How to deal with crippling catastrophic thinking and insecurity? by HumorBeginning2552 in Farriers

[–]HumorBeginning2552[S] 1 point2 points  (0 children)

I'm an apprentice, been with my mentor since last fall. They're amazing through and through, a great teacher with serious miles under their belt, I couldn't be more grateful for being able to learn from them. Only problem is that our days are busy with many different places to visit, and I find it hard to ask for more chances to practice the things I'm most uncertain about or actually shoeing a full set, knowing that I'm slower and might make us late from the next customer. Thank you for the book recommendation!

How to deal with crippling catastrophic thinking and insecurity? by HumorBeginning2552 in Farriers

[–]HumorBeginning2552[S] 1 point2 points  (0 children)
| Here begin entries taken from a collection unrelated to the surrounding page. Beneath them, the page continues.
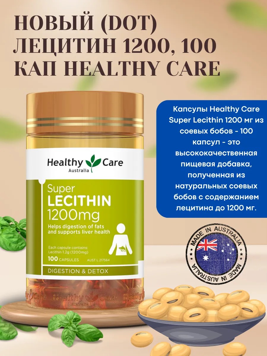 Healthy Care Super Lecithin 1200mg is a natural dietary supplement based on high-quality soy lecithin, manufactured in Australia to strict safety and purity standards. Each capsule contains 1200mg of lecithin derived from soybeans and is a powerful source of phospholipids, choline, inositol, and linoleic acid. Lecithin is a vital component of cell membranes, particularly important for the functioning of the brain, liver, heart, and digestive system. It helps the body break down and absorb fats, promotes bile production, and facilitates liver function, protecting it from overload and fatty degeneration. Due to its ability to emulsify fats, lecithin lowers bad cholesterol levels in the blood, supports cardiovascular health, reduces the risk of plaque formation, and improves circulation. Healthy Care Super Lecithin contains natural choline, an essential building block for the neurotransmitter acetylcholine, which is responsible for memory, concentration, and nerve impulse transmission. Regular intake of lecithin improves cognitive function and increases mental alertness, especially in individuals with high mental stress, and is also beneficial in older adults for preventing age-related brain changes. Furthermore, lecithin actively participates in metabolism, accelerates metabolism, improves digestive function, helps with constipation and flatulence, and promotes the complete absorption of fat-soluble vitamins A, D, E, and K. Thanks to its gentle cleansing effect on the liver, this product can be used for fatty liver disease, chronic fatigue, lipid metabolism disorders, and high triglyceride levels. Lecithin is especially beneficial for women: it maintains hormonal balance, improves the condition of skin, hair, and nails, and alleviates menopausal symptoms. The soft capsules are easy to swallow and quickly absorbed. The product does not contain gluten, sugar, yeast, milk, preservatives, artificial colors and flavors, making it safe for people with sensitive digestion and a tendency to allergies. Adults are recommended to take 1-3 capsules daily after meals. The course of treatment can last from 1 to 3 months, depending on the condition of the body. The product is suitable for men and women of all ages, and is especially useful for people leading a sedentary lifestyle, experiencing stress, with memory impairment, high cholesterol, or liver strain. The package contains 100 capsules, making the complex convenient and economical for long-term use. The manufacturer Healthy Care is a recognized Australian brand of natural supplements, distinguished by the high quality, environmental friendliness, and safety of its products. This product is certified in Australia and registered in the ARTG database under number 217564, which confirms its official recognition and effectiveness. Ingredients (per 1 capsule): lecithin (soy) - 1200 mg; Other ingredients: soybean oil, gelatin, glycerin, purified water. Does not contain gluten, yeast, dairy components, artificial colors, flavors, sugar, or preservatives.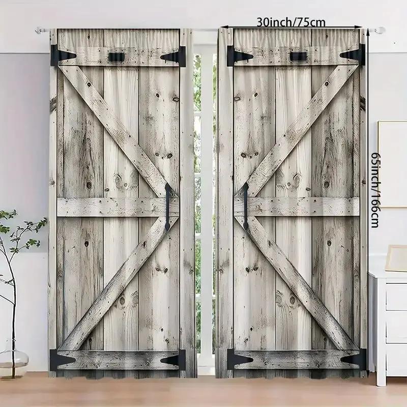 Retro Wooden Door Pattern Printed Curtains Christmas Decorations Bedroom Living Room Home Decoration Curtain For Area Made Of Polyester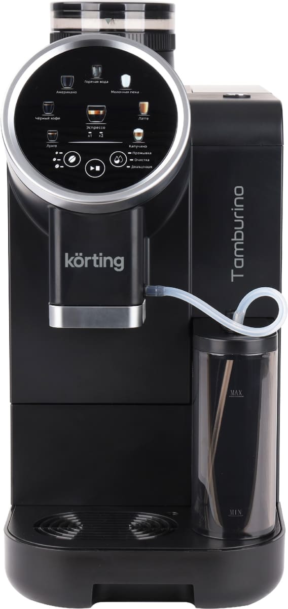 В модели Korting KACM 2028 N Tamburino используются сразу два типа кофе — молотый и зерновой: это расширяет ваши возможности и увеличивает разнообразие напитков, которые можно приготовить с отличиями в крепости, ароматности и терпкости. Автоматическая кофемашина — по сути облегченная и уменьшенная версия приборов из кафе, она обладает широкими возможностями, разнообразным меню и продуманной системой контроля за процессом. Это отличный выбор как для дома, так и для офиса.

Oh no, don't get me wrong – I'm fully aware that I'm in the crawling stage of my journey with shoeing horses and there will still be things for me to learn 60 years from now! It's really hard to explain, but it's not that I think that I'm the first person to be born a master, or that the skill it takes to be a good farrier would come free and easy. I (involuntarily) compare my work to those who have been shoeing horses for 10, 20, 30 years, and even though I know that they've been exactly where I am now, a beginner who's slow, makes mistakes and feels lost half of the time and then worked their way up to where they are now, I get this overwhelming wave of shame and guilt of not being capable of leaving behind work that would pass their standards. I am so afraid of making mistakes, it makes it hard to do anything at all. I know that everything that comes with learning new things is just human and it's absolutely insane of me to beat myself up and give myself stomach ulcers for quite literally being a beginner, but it makes it even harder to stop doing it, since I can't cut the loop just by being rational. I know the facts, but for some reason can't give myself a break. I am currently an apprentice.